*Requirement*. All that is wanted is the lines from the first line of the listing below through the line containing "Material: Black Vinyl", written out exactly with pictures left out.

*Record extracts*.
|---|
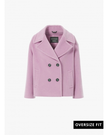 Zweireiher Oversized Kurzmantel mit Maxirevers aus Wolle in Rosa
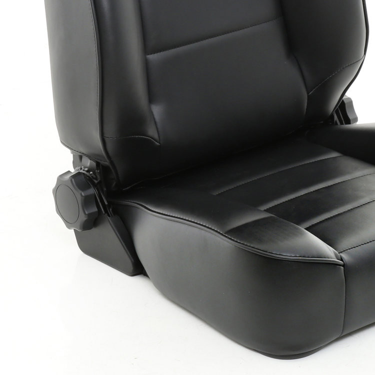 Material: Black Vinyl Dual recliner mechanism to allow seat to function on either driver or passenger side Bolts directly to factory mounts without drilling Welded powder coat painted seat frame will not rust or break Celý popis
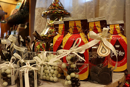 Panettoni al cioccolato con pasta al cacao, gocce di cioccolato, glassato al fondente e riccioli di cioccolato sono tra i prodotti realizzati dalla pasticceria Mille Voglie di Valentano, mentre il birrificio artigianale Aut Aut di Grotte di Castro propone, oltre alle classiche confezioni della loro pluripremiata birra, anche il panettone artigianale con marroni di Latera e rum in abbinamento al gel della loro iconica smoked Fumo di Londra e a una bottiglia da 75cl della stessa bevanda. Pistacchio, lampone e cioccolato, classico, triplo cioccolato e caramello salato sono le varianti del panettone proposte quest’anno da Il Borgo1957 di Bagnaia, mentre alla torrefazione Caffè Pe-Fè di Orte si possono trovare confezioni realizzate a mano non solo con le migliori miscele di caffè, ma anche con chicchi ricoperti al cioccolato, gelatine di caffè, cioccolato e cremini ripieni.
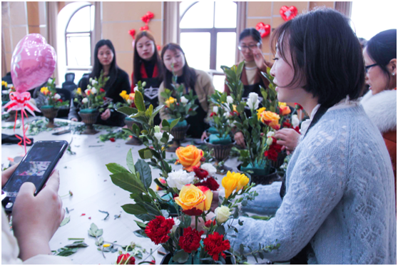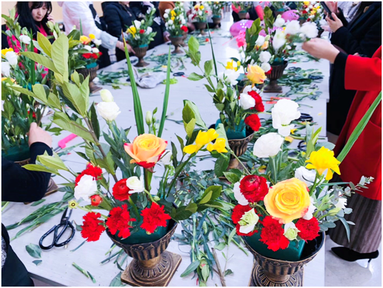 在花藝?yán)蠋煹闹笇?dǎo)下,大家認(rèn)真聆聽, 跟著老師的節(jié)奏,女神們逐漸找到感覺,經(jīng)過一定技術(shù)和藝術(shù)加工,完成了各自的創(chuàng)意作品。花影香間,修身益心,了解了插花藝術(shù)的基本知識(shí),體驗(yàn)到了插花藝術(shù)的操作。花是美的象征,自古以來,怡情于花草之間,是人們熱愛生活、熱愛自然的一種體現(xiàn)。
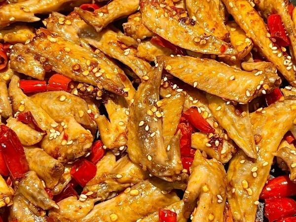 准备食材:鸡翅尖,干辣椒,姜片,蒜末,豆瓣酱,白芝麻。
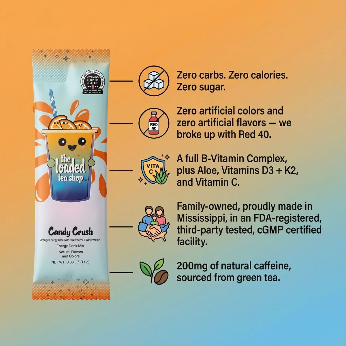 - 0 Calories • 0 Carbs • 0 Sugar • 200mg Caffeine
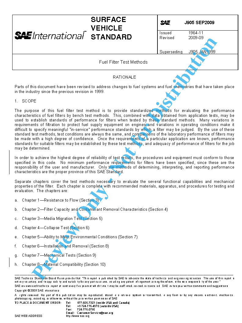 The purpose of this fuel filter test method is to provide standardized methods for evaluating the performance characteristics of fuel filters by bench test methods. This, combined with data obtained from application tests, may be used to establish standards of performance for filters when tested by these standard methods. Many variations in requirements of filtration to protect fuel supply equipment on engines and variations in operating conditions make it difficult to specify meaningful "in-service" performance standards by which a filter may be judged. By the use of these standard test methods, test conditions are always the same, and comparisons of the laboratory performance of filters may be made with a high degree of confidence. Once the requirements of a particular application are known, performance standards for suitable filters may be established by these test methods, and adequacy of performance of filters for the job may be determined.
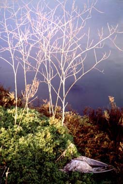 When Arcadia and I walk near the San Francisco Bay, I always bring a camera. This time I had my Kodak Retina IIc. The bird and the shrubbery were arranged exactly as you see them. I simply photographed what was already there. The white twigs look like a great, spindly tree, making the bird appear like some enormous mythical beast.
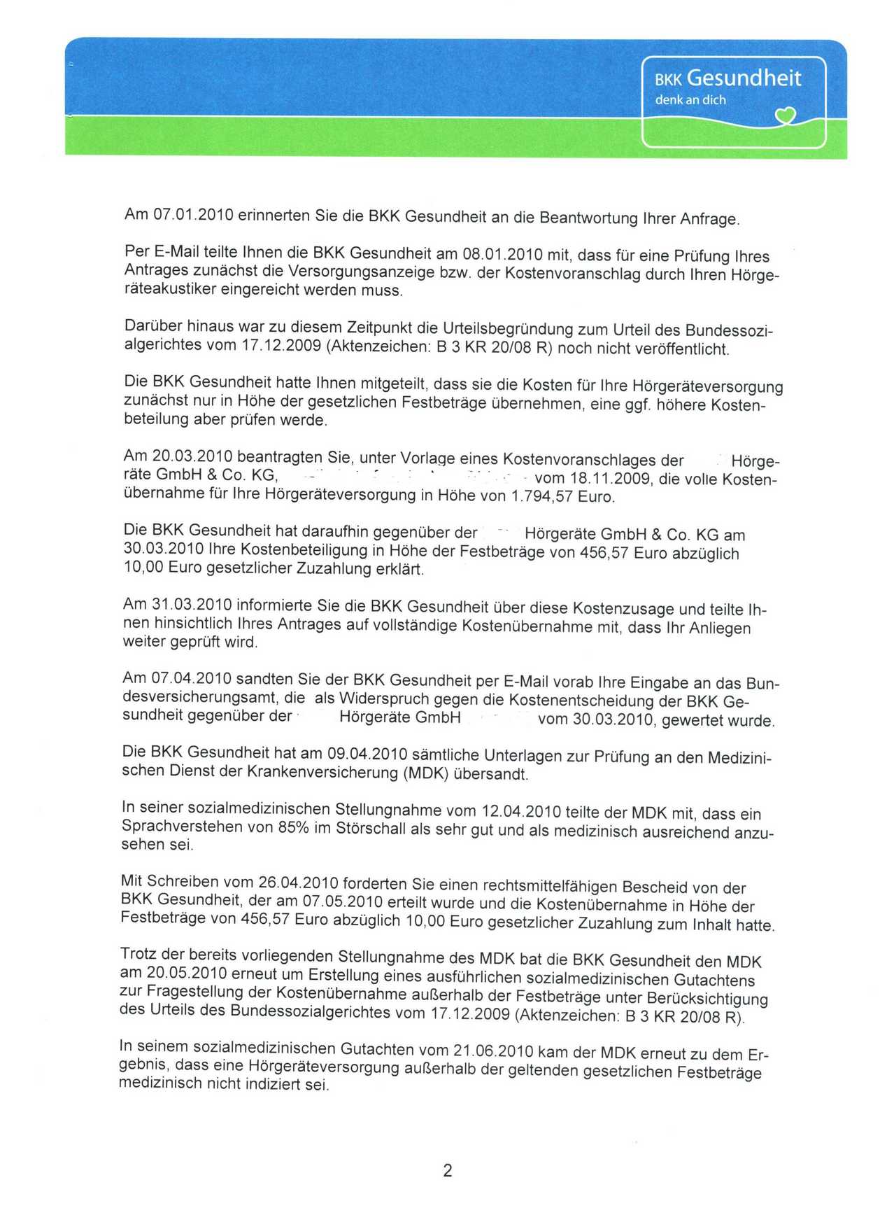 Mein erster Antrag auf Kostenübernahme wurde natürlich abgelehnt, daraufhin habe ich einen zweiten Brief eingesendet, der meine Situation deutlich klarlegt und mit Bezug auf das Urteil vom 17.12.2009. Jetzt möchte meine Krankenkasse (
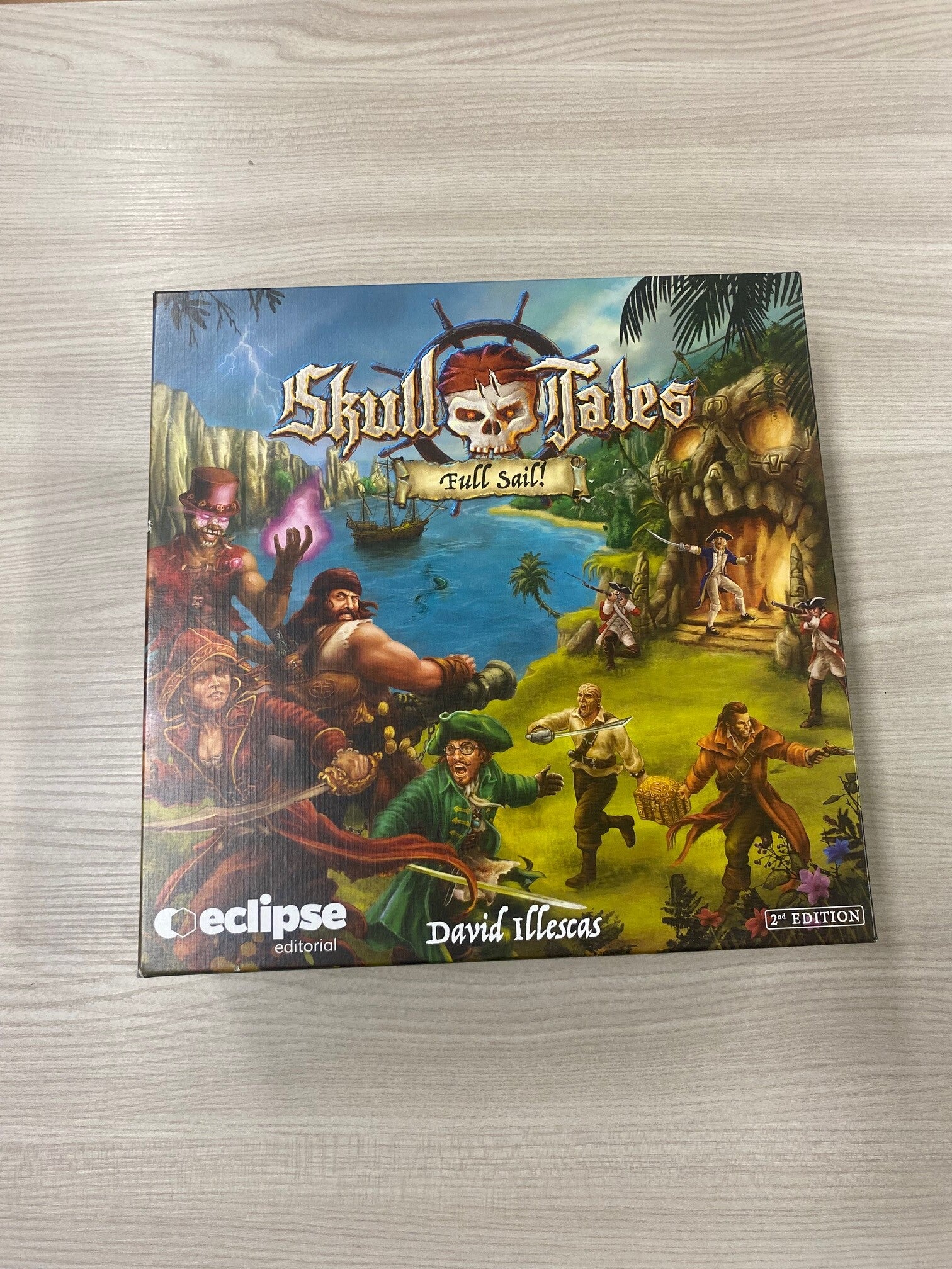 Skull Tales - Full Sail! è un gioco di avventura pirata semi-cooperativo da 1 a 5 giocatori. In Skull Tales, sei un pirata del Mar dei Caraibi in cerca di fama e fortuna. Il gioco si svolge in tre fasi: Avventura, Viaggio e Porto. Queste fasi sono giochi in sé e per sé con meccanismi e componenti propri. Ci sono anche molti elementi RPG. Durante la fase Avventura, esplori isole misteriose, grotte pericolose, templi abbandonati e saccheggi ville coloniali. Ti imbatterai in infidi giubbotti rossi e i loro ufficiali e incrocerai le spade con gli scheletri dei conquistadores, il tutto mentre cerchi di sfuggire alle maledizioni delle mummie Maya. E non dimenticare il potente artiglio scuro e le sue abominazioni governate da Yemaya, la dea del mare. Tesori incredibili e manufatti leggendari su cui nessun uomo ha mai posato gli occhi ti aspettano nella fase di gioco. Nella fase di viaggio, fai parte dell'equipaggio di "The Southern Lady" che naviga nei minacciosi mari dei Caraibi alla ricerca di tesori preziosi. Salirai a bordo di navi e affronterai ogni tipo di pericolo come le creature più temute dei sette mari. Assicurati di conquistare la fiducia dei tuoi compagni di equipaggio in modo che quando arriva il momento dell'ammutinamento, puoi assumere il capitano e beneficiare dei suoi numerosi privilegi... Infine, hai la possibilità di riposarti e spendere il tuo bottino durante la fase porto. Al tuo arrivo a Tortuga, potrai visitare la cantina, ascoltare le voci e raccontare grandi storie sulle tue imprese che ti trasformeranno in un leggendario pirata. Puoi anche visitare Madame Claude's Mansion ed essere trattato come un nobile. Forse, però, preferisci andare al mercato per comprare quella spada che ti tornerà utile per la tua prossima avventura. E, naturalmente, se scendi al molo puoi assumere alcuni incarichi per il Capitano che è sempre disposto a guadagnare qualche doblone in più vendendo contrabbando. Per quelle anime inquiete in cerca di una cura per qualche maledizione o ferita, c'è la Cappella. Ma attenzione! Le strade di Tortuga possono essere pericolose e non sai mai quali sorprese potrebbero riservarti. E ricorda, è meglio essere puntuali quando è ora di imbarcarsi o perderai prestigio!
|---|
*Solution for this exercise*.
 Zweireiher Oversized Kurzmantel mit Maxirevers aus Wolle in Rosa
 Material: Black Vinyl Dual recliner mechanism to allow seat to function on either driver or passenger side Bolts directly to factory mounts without drilling Welded powder coat painted seat frame will not rust or break Celý popis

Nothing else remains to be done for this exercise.